Please refer to my continual learning beginners’ guide to learn more about CL datasets.

Base Classes

In CLArena, continual learning datasets are implemented as subclasses of the base classes defined in clarena/cl_datasets/base.py. The base classes are implemented inheriting Lightning data module with additional features for continual learning:

clarena.cl_datasets.CLDataset: The base class for all continual learning datasets.
- clarena.cl_datasets.CLPermutedDataset: The base class for permuted continual learning datasets. A child class of CLDataset.
- clarena.cl_datasets.CLSplitDataset: The base class for split continual learning datasets.
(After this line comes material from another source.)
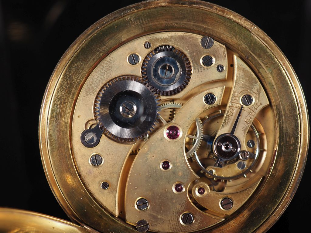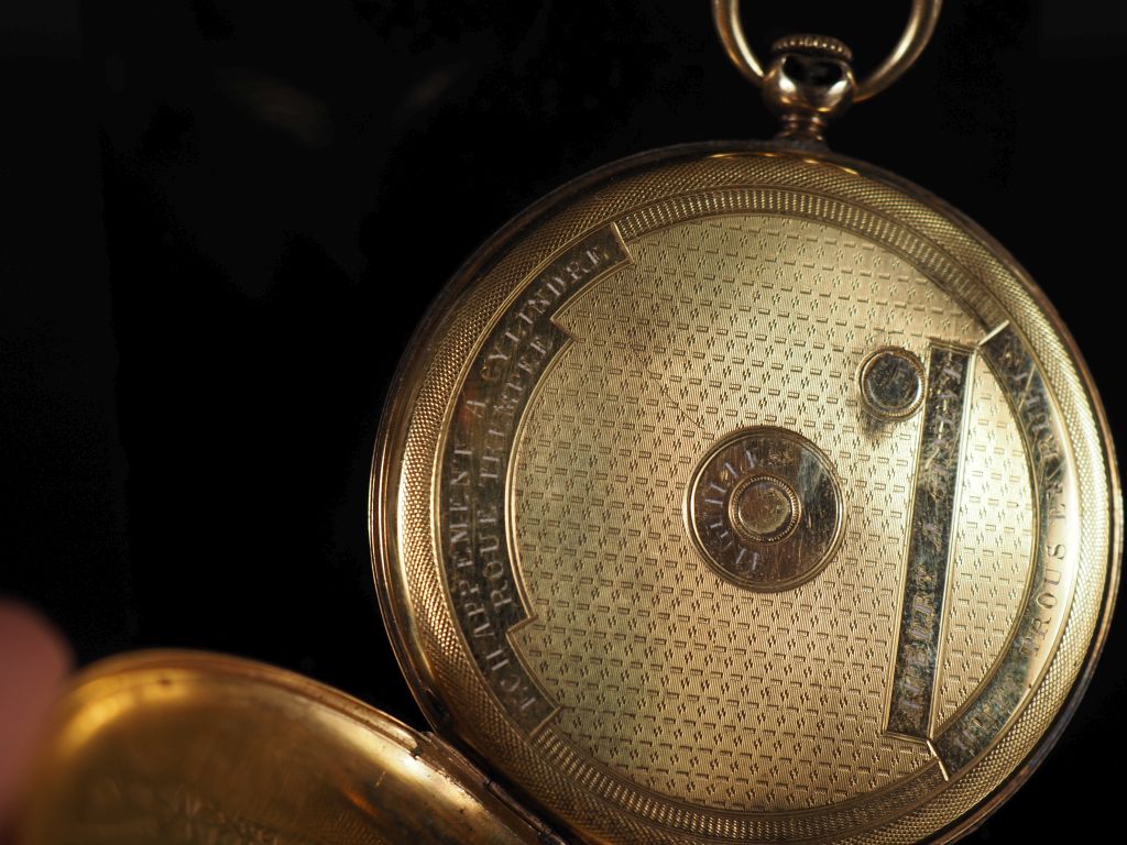 AUBERT, à Genève Montre de gousset en or jaune 750. Cadran à chiffres romains pour les heures sur un fond orné d'une lyre et de rinceaux. Double fonds en or jaune 750. Signée. Diam. 50 mm Poids tel. 71,36 g (usures)

A child class of CLDataset.
- clarena.cl_datasets.CLCombinedDataset: The base class for combined continual learning datasets. A child class of CLDataset.

Implement Permuted CL Dataset

To implement permuted CL datasets:

Inherit CLPermutedDataset.
Define class property original_dataset_python_class, which is the raw python class of the original dataset that the permuted CL dataset is generated from. If there’s no such class, implement one under clarena/stl_datasets/raw/ (preferably a PyTorch Dataset).
Define the constants of the original dataset in a subclass of DatasetConstants in clarena/stl_datasets/raw/constants.py. Link the constants class to the original_dataset_python_class in the DATASET_CONSTANTS_MAPPING dictionary.
Write prepare_data(), train_and_val_dataset(), test_dataset(). You may call the APIs provided by the original_dataset_python_class. Make sure to use self.train_and_val_transforms(), self.test_transforms() and self.target_transform() to assign transforms. Note that the permutation transform is included in self.train_and_val_transforms() and self.test_transforms().

Warning

prepare_data() is called at the beginning of each task. Please include the following snippet to avoid redundant data downloads.

if self.task_id != 1:
    return  # download all original datasets only at the beginning of first task

Implement Split CL Dataset

To implement permuted CL datasets:

Inherit CLSplitDataset.
Define class property original_dataset_python_class, which is the raw python class of the original dataset that the permuted CL dataset is generated from. If there’s no such class, implement one under clarena/stl_datasets/raw/ (preferably a PyTorch Dataset).
Define the constants of the original dataset in a subclass of DatasetConstants in clarena/stl_datasets/raw/constants.py. Link the constants class to the original_dataset_python_class in the DATASET_CONSTANTS_MAPPING dictionary.
Write get_subset_of_classes() to return a subset of classes for the current task self.task_id.
Write prepare_data(), train_and_val_dataset(), test_dataset(). You may call the APIs provided by the original_dataset_python_class. Make sure to use self.train_and_val_transforms(), self.test_transforms() and self.target_transform() to assign transforms. Use self.get_subset_of_classes() to filter the classes for the task.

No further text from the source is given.